The 2021 U.S. Spencer Stewart Board Index found that directors from historically underrepresented groups accounted for 72 percent of all new directors at S&P 500 companies, up from 59 percent in 2020. Female representation increased to 30 percent of all S&P 500 directors. Despite the record number of new directors from historically underrepresented groups, the overall representation of some demographic groups on S&P 500 boards falls short of their representation in the U.S. population. For example, although 42 percent of the U.S. population identifies as African American, Hispanic, Asian, American Indian/Native Alaskan or multiracial, those groups make up only 21 percent of S&P 500 directors.1

A report published by the Conference Board in October 2021 found that, for the first time in its annual analysis of proxy statements, in 2021 the majority of S&P 500 companies disclosed the racial makeup of their boards.

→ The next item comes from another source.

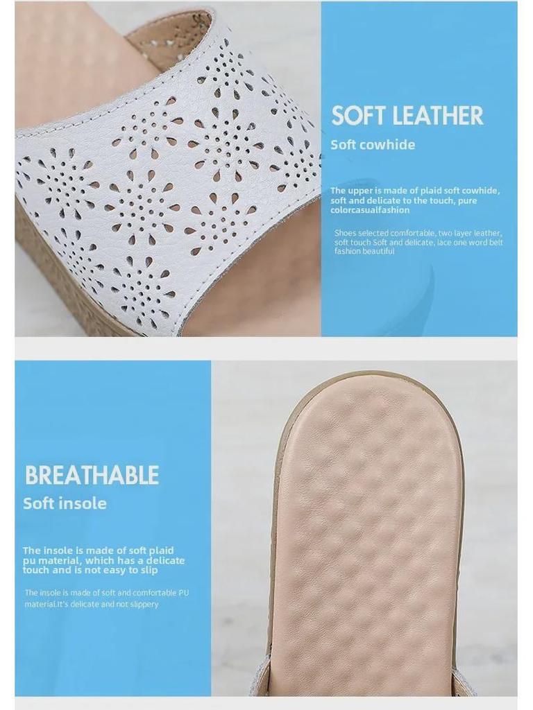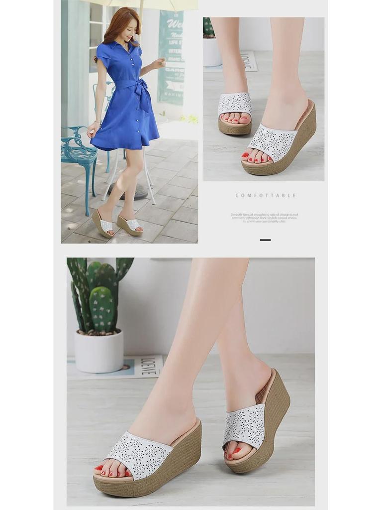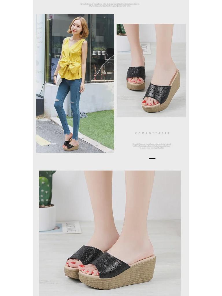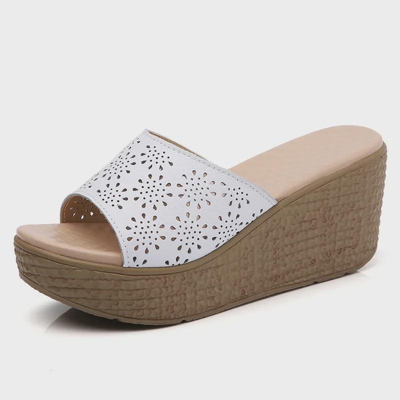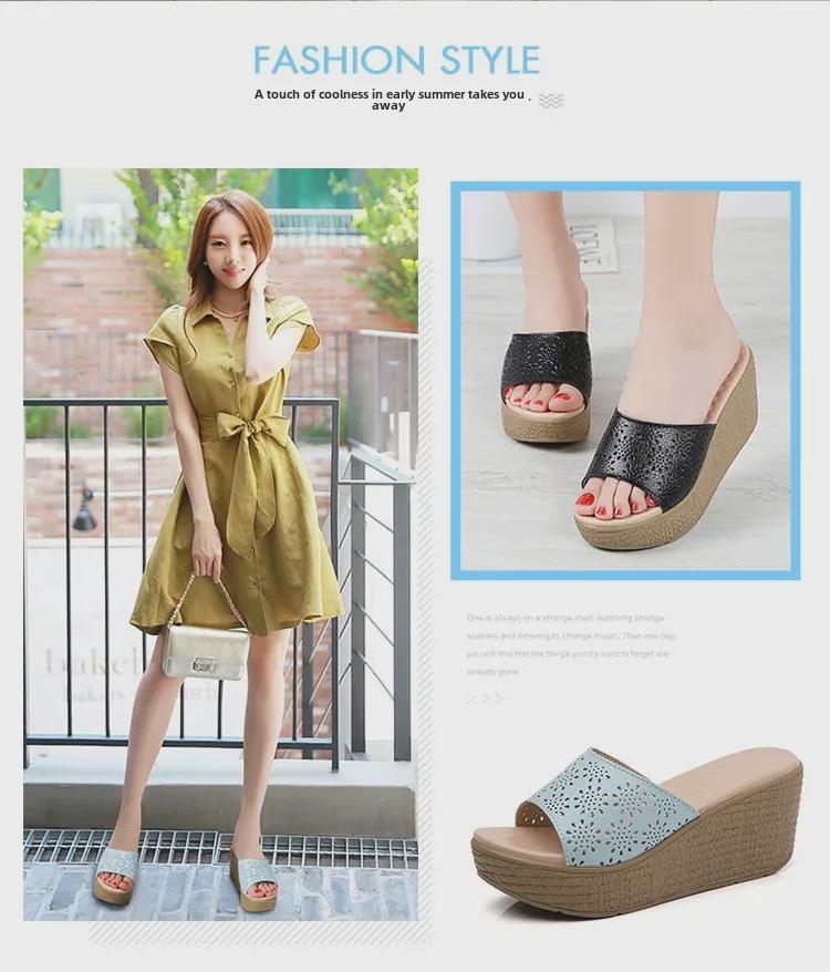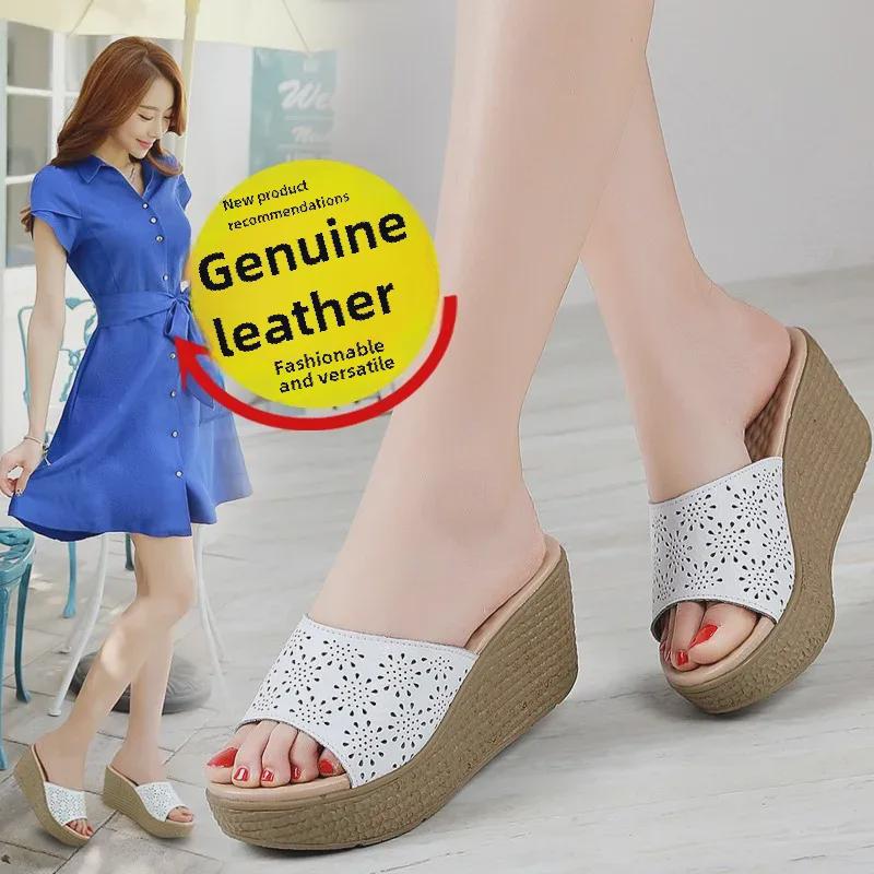 Женские босоножки на платформе с открытым носком из натуральной кожи - летние туфли на танкетке, толстая подошва, модная пляжная обувь

The disclosures show that women’s representation on boards continues to increase, but boards remain overwhelmingly white.2

Evolving Legal and Regulatory Requirements

Against this backdrop, legislators and regulators are increasingly focused on board diversity. In August 2021, the SEC approved NASDAQ’s board diversity disclosure listing standards that require companies listed on their exchange to (i) publicly disclose their board-level diversity statistics and (ii) have at least two diverse board members (one of which must identify as female, and the other a racial or ethnic minority or member of the LGBTQ+ community) or explain the company’s reasons for not meeting this diversity objective.3 Listed companies must comply with the disclosure requirement by the later of August 8, 2022, or the date the company files its proxy materials for its 2022 annual meeting.

On January 12, 2022, the President of the European Commission announced a renewed push to enact legislation requiring companies to fill at least 40 percent of non-executive board seats with women, or face fines, aiming to reach a deal in the first half of 2022.4 Several European countries, including Germany, Italy, Belgium, France and the Netherlands, already impose mandatory quotas requiring gender diversity on the boards of directors of certain companies.

In the U.S., California was the first state to enact board diversity requirements, requiring all publicly held companies with principal executive offices in California to have (i) at least two women on boards of five members and at least three women on boards of six or more directors and (ii) one director from an underrepresented community by the end of 2021. By the end of 2022, California companies must have at least two directors from an underrepresented community on boards of five to eight members and three such directors on boards of nine or more members. Washington state followed California’s lead with respect to gender diversity, enacting legislation requiring public companies incorporated in Washington to have at least 25 percent women on their board by January 1, 2022, or comply with board diversity disclosure requirements. Hawaii, Massachusetts, Michigan, New Jersey and Oregon are also considering imposing diversity quotas, and Colorado and Pennsylvania previously passed nonbinding resolutions urging corporations to have a minimum number of female directors.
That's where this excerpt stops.